• Material for the task:

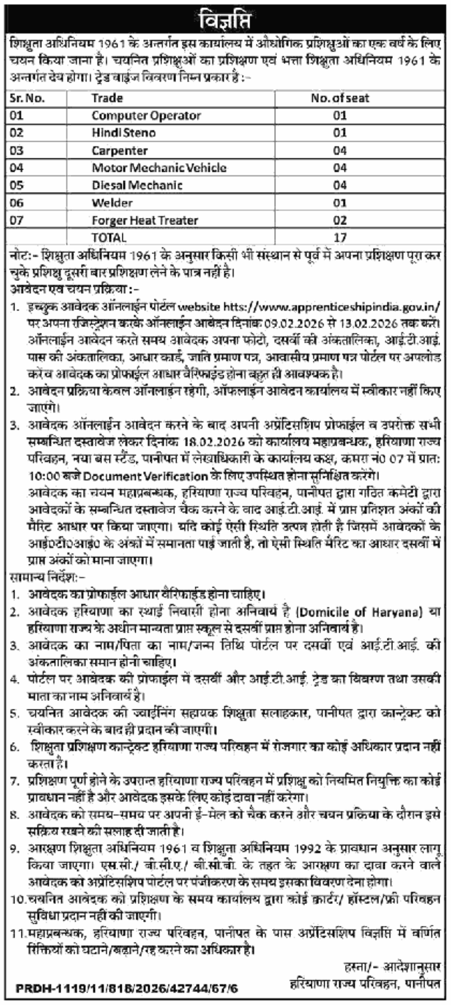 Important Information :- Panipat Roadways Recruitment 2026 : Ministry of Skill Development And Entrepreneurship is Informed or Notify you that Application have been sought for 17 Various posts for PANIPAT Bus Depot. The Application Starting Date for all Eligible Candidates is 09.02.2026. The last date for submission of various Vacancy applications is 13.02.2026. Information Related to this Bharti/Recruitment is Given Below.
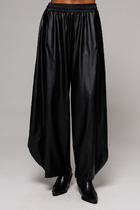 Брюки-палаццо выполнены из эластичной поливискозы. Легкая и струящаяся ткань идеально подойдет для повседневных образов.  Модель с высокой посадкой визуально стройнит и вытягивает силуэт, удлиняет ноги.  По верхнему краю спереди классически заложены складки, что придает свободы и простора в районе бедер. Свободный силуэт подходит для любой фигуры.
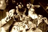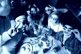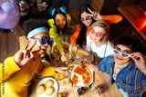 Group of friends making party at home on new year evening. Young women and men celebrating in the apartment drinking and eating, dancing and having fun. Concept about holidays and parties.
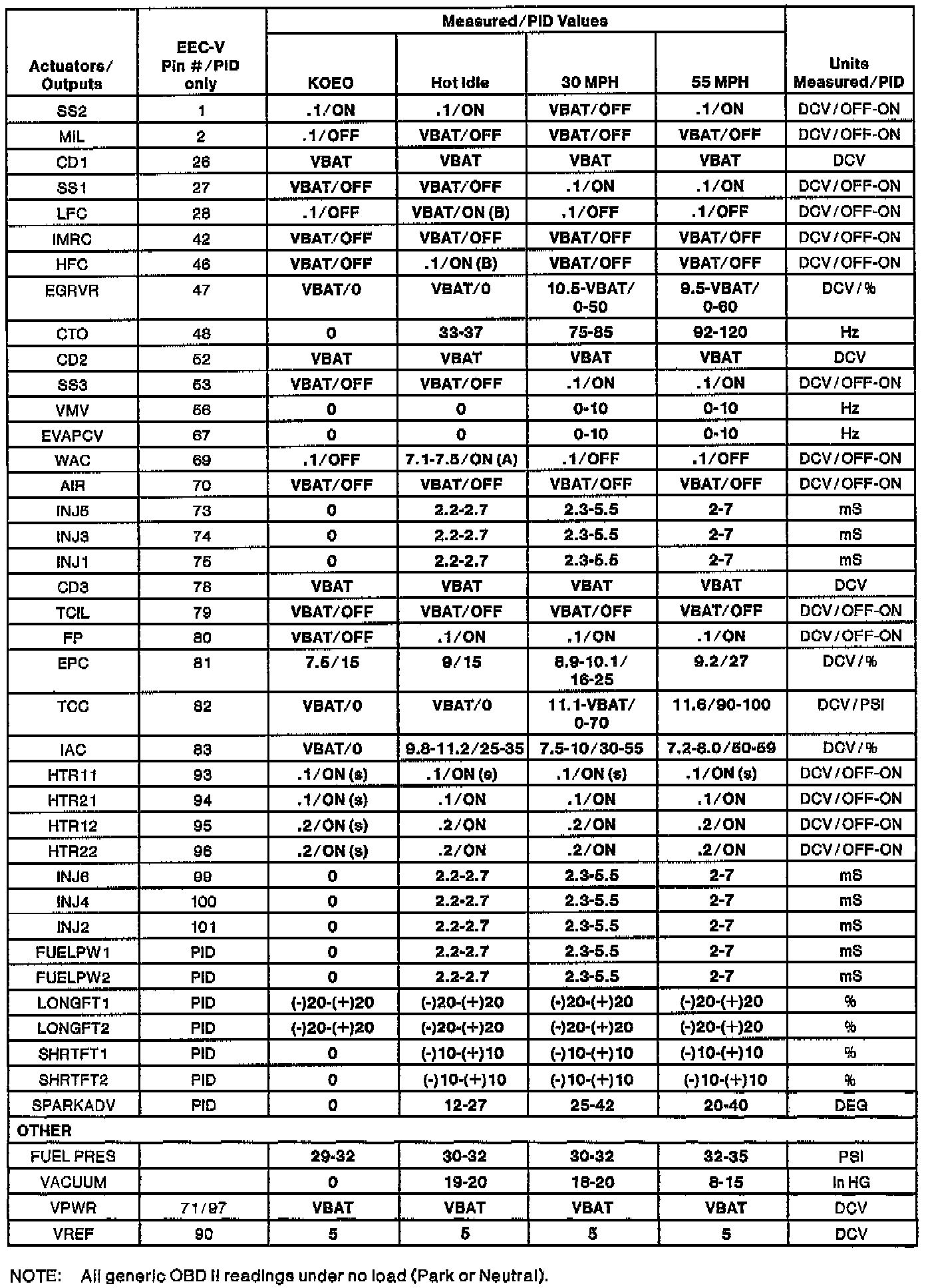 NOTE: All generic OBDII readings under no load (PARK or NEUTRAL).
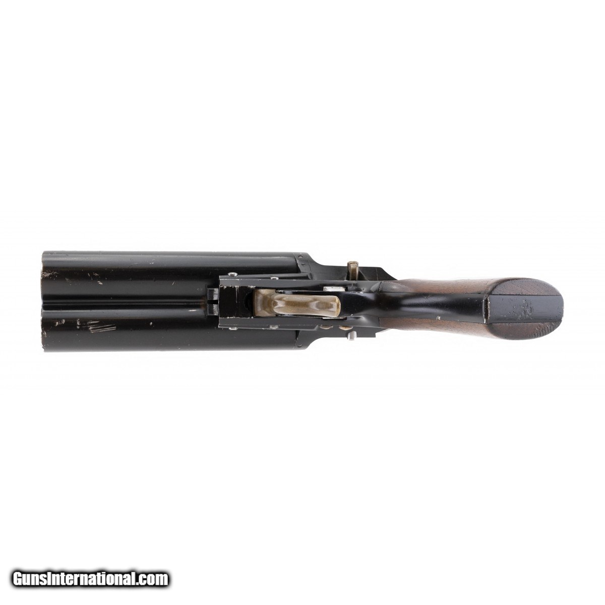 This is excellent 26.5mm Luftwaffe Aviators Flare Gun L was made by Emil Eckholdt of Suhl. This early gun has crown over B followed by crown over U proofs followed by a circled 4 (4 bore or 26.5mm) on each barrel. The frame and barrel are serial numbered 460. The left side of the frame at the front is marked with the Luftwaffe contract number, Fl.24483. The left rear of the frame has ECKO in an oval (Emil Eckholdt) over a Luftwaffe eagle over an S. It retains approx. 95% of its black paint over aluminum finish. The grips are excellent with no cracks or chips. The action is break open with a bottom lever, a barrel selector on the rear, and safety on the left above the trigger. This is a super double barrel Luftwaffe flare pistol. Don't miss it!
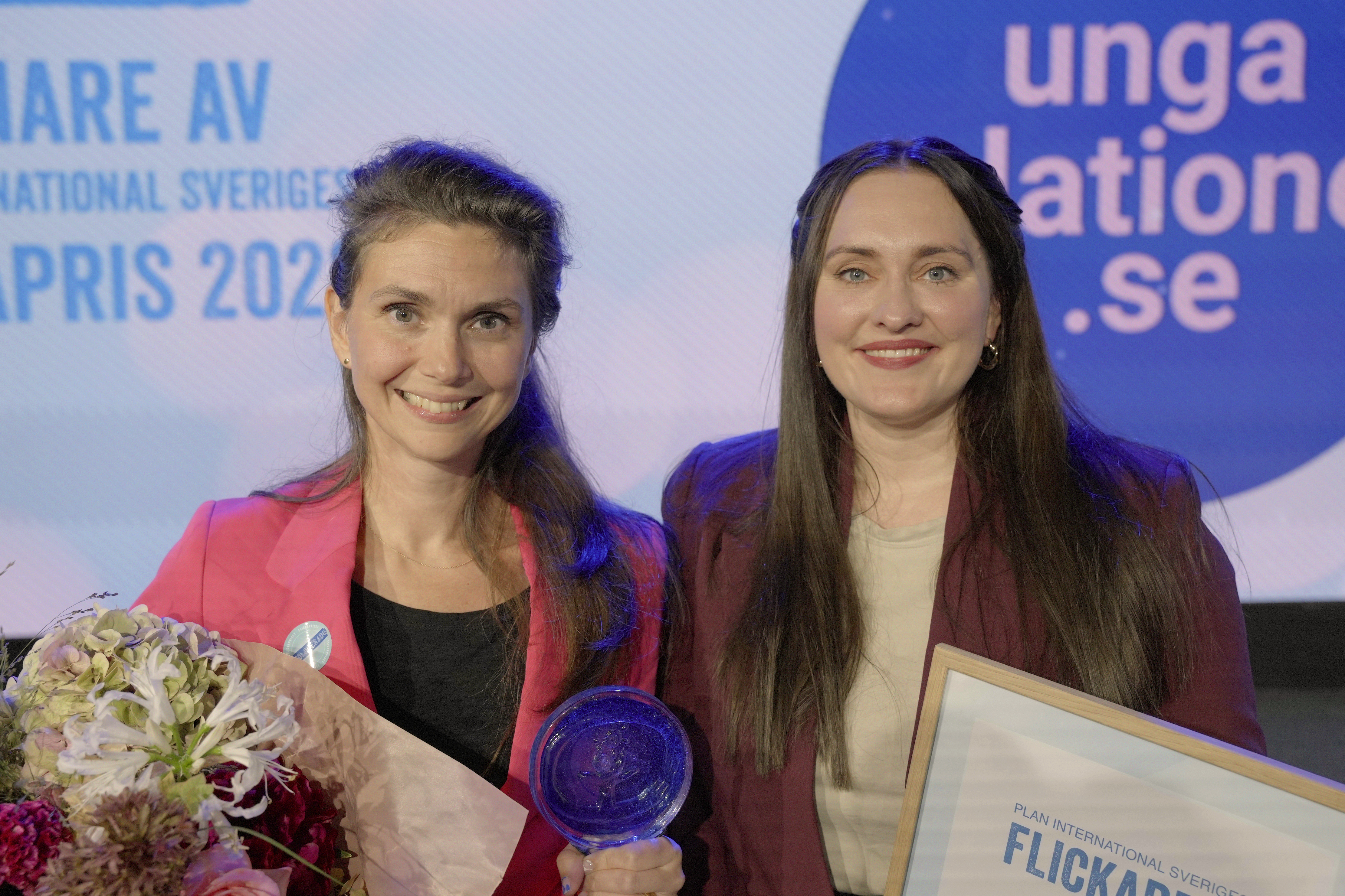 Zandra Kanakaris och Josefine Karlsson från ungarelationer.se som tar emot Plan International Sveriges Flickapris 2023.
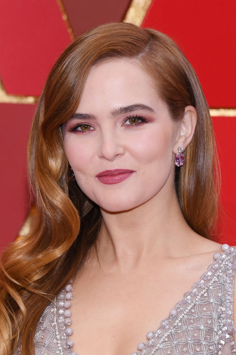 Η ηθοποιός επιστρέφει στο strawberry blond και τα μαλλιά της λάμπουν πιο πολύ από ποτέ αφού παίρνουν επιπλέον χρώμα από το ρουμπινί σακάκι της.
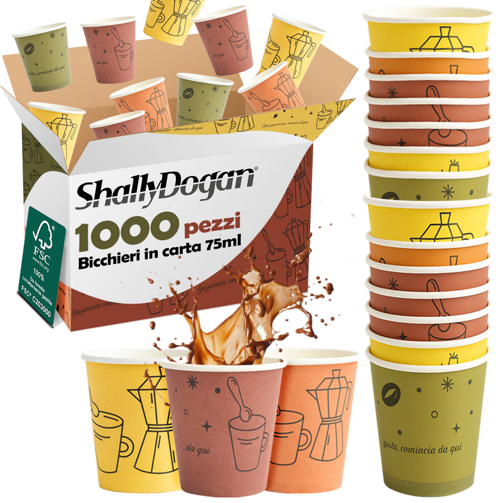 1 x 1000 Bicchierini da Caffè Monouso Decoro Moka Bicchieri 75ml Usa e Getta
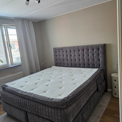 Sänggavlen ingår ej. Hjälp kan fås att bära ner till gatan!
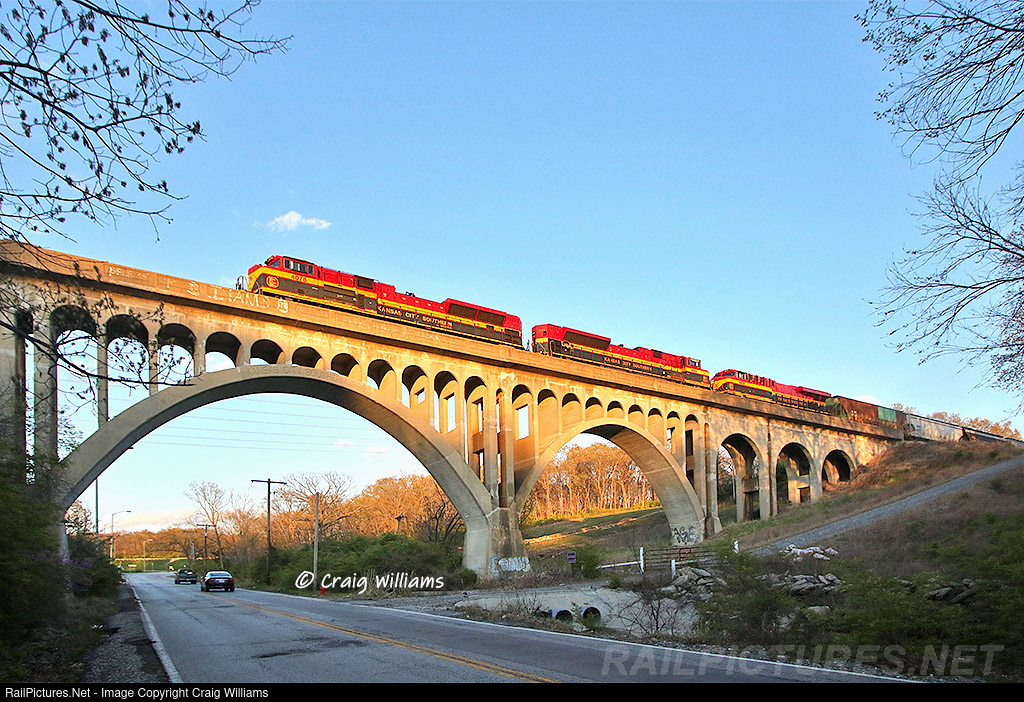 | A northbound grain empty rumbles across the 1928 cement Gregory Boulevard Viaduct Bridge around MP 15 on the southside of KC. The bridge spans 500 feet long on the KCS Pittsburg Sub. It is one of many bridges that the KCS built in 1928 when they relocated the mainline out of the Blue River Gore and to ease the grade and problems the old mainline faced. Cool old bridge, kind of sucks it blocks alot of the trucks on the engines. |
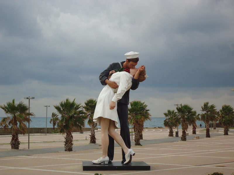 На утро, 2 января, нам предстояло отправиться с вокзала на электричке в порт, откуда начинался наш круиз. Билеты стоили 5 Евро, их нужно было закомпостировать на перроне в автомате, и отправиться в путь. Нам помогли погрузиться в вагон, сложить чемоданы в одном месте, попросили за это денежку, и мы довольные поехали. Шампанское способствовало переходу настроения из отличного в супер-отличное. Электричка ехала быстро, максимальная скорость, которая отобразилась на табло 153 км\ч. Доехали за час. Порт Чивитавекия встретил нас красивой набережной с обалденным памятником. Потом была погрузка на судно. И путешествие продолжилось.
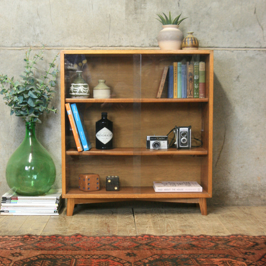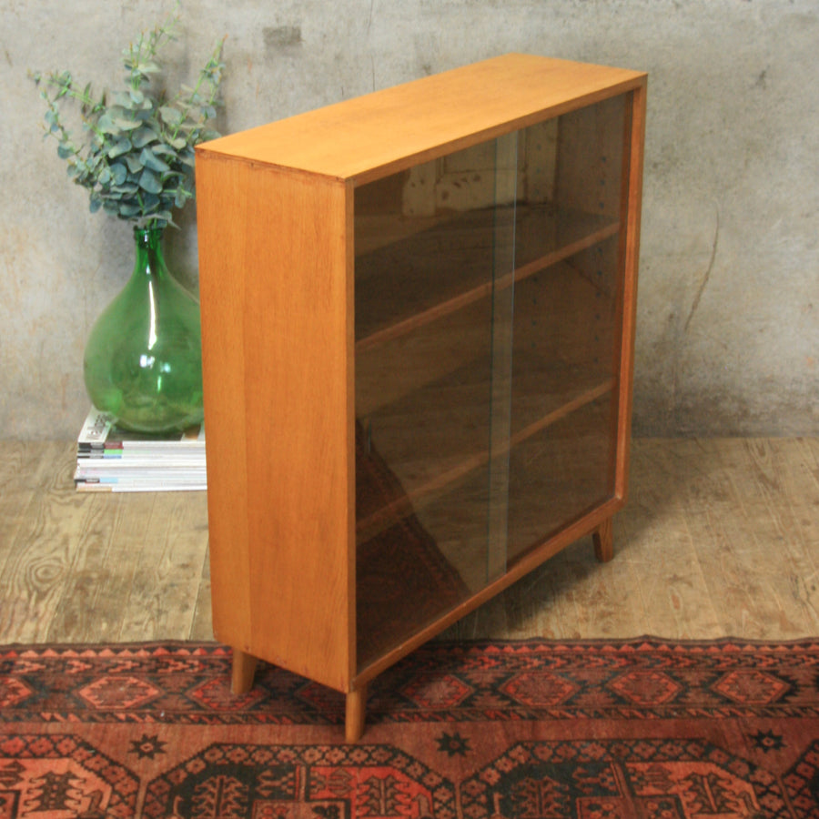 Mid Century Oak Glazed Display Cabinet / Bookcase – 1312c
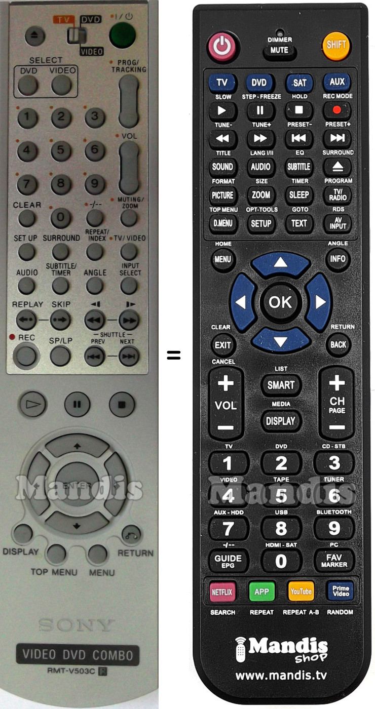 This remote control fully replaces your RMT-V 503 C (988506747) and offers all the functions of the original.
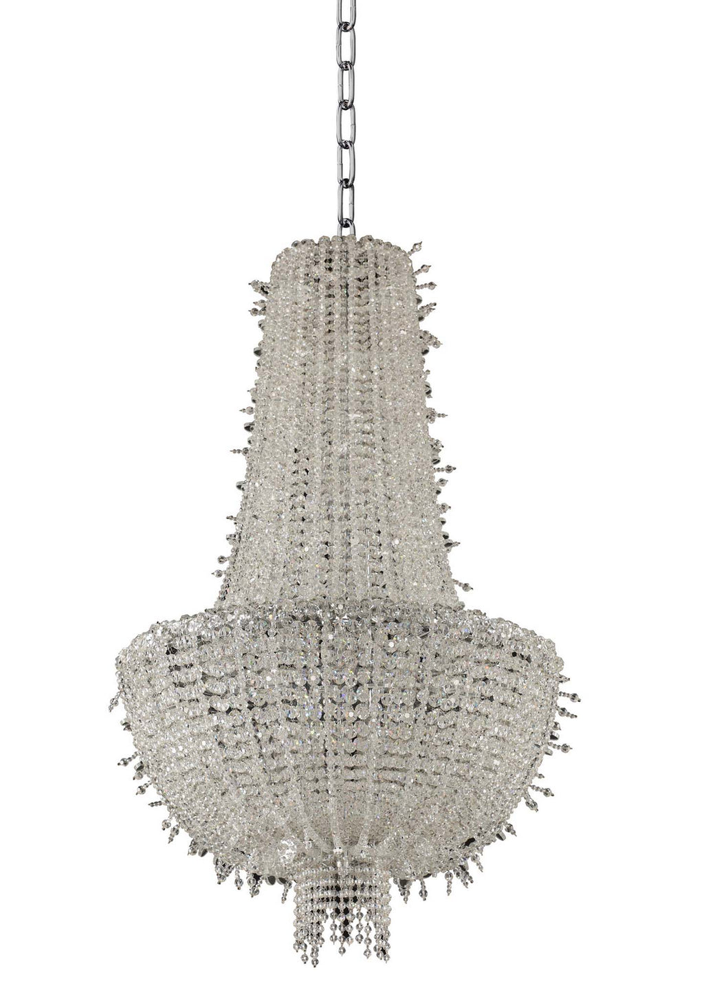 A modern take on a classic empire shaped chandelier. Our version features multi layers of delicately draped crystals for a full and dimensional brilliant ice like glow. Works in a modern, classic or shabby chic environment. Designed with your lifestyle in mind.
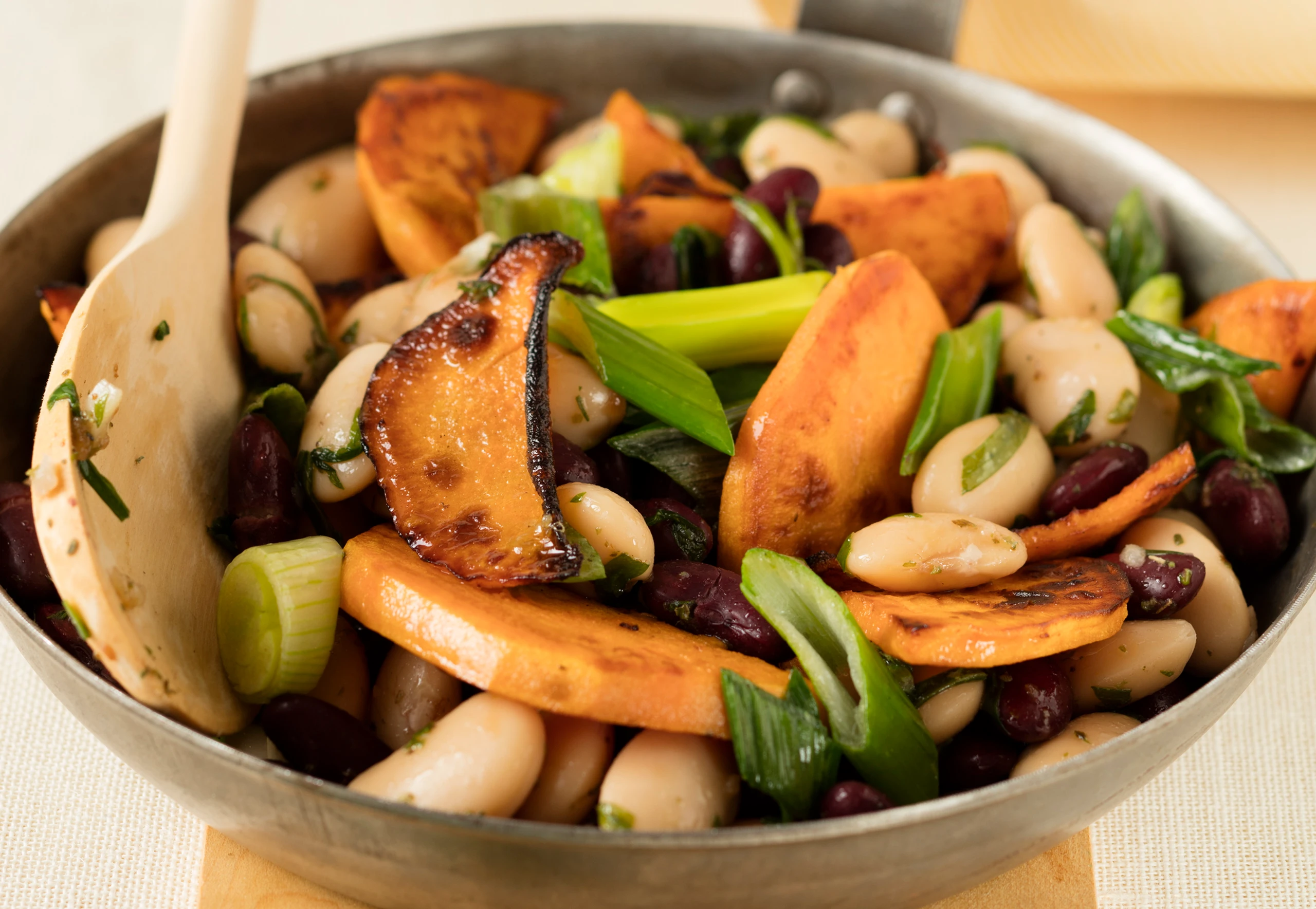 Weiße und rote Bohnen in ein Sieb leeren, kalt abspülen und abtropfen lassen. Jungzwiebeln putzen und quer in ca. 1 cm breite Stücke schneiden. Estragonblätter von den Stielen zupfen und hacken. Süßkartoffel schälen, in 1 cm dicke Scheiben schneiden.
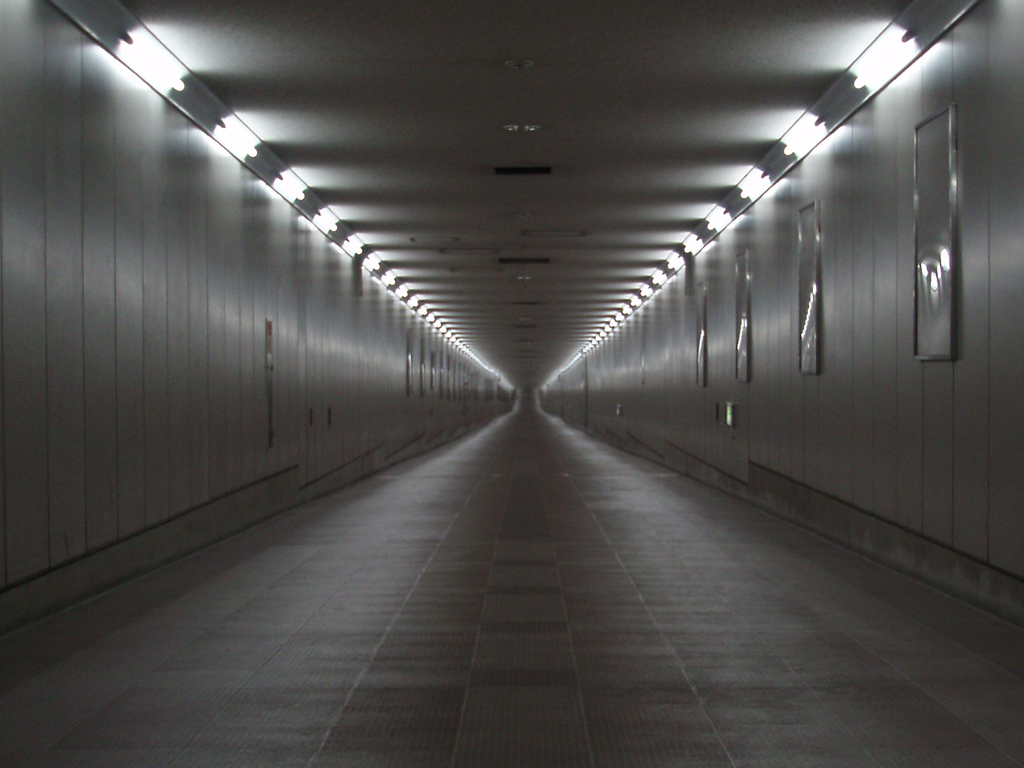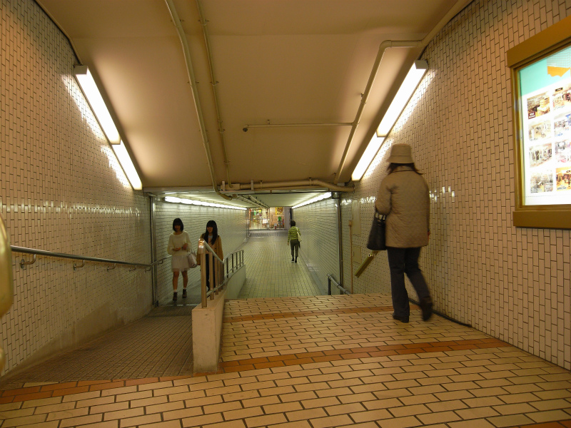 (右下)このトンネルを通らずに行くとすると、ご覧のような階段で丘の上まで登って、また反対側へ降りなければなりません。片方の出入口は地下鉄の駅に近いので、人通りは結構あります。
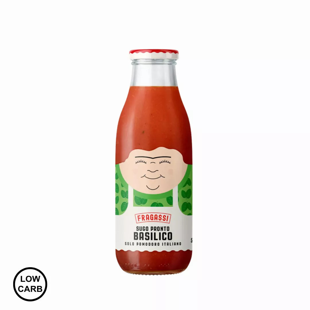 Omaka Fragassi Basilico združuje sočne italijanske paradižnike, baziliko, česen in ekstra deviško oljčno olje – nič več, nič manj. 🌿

• What this task involves:
Exactly as written, reproduce the lines from the beginning of the material through the line with "NOTE: All generic", and skip any picture.

• Task solution:
 Important Information :- Panipat Roadways Recruitment 2026 : Ministry of Skill Development And Entrepreneurship is Informed or Notify you that Application have been sought for 17 Various posts for PANIPAT Bus Depot. The Application Starting Date for all Eligible Candidates is 09.02.2026. The last date for submission of various Vacancy applications is 13.02.2026. Information Related to this Bharti/Recruitment is Given Below.
 Брюки-палаццо выполнены из эластичной поливискозы. Легкая и струящаяся ткань идеально подойдет для повседневных образов.  Модель с высокой посадкой визуально стройнит и вытягивает силуэт, удлиняет ноги.  По верхнему краю спереди классически заложены складки, что придает свободы и простора в районе бедер. Свободный силуэт подходит для любой фигуры.
 Group of friends making party at home on new year evening. Young women and men celebrating in the apartment drinking and eating, dancing and having fun. Concept about holidays and parties.
 NOTE: All generic OBDII readings under no load (PARK or NEUTRAL).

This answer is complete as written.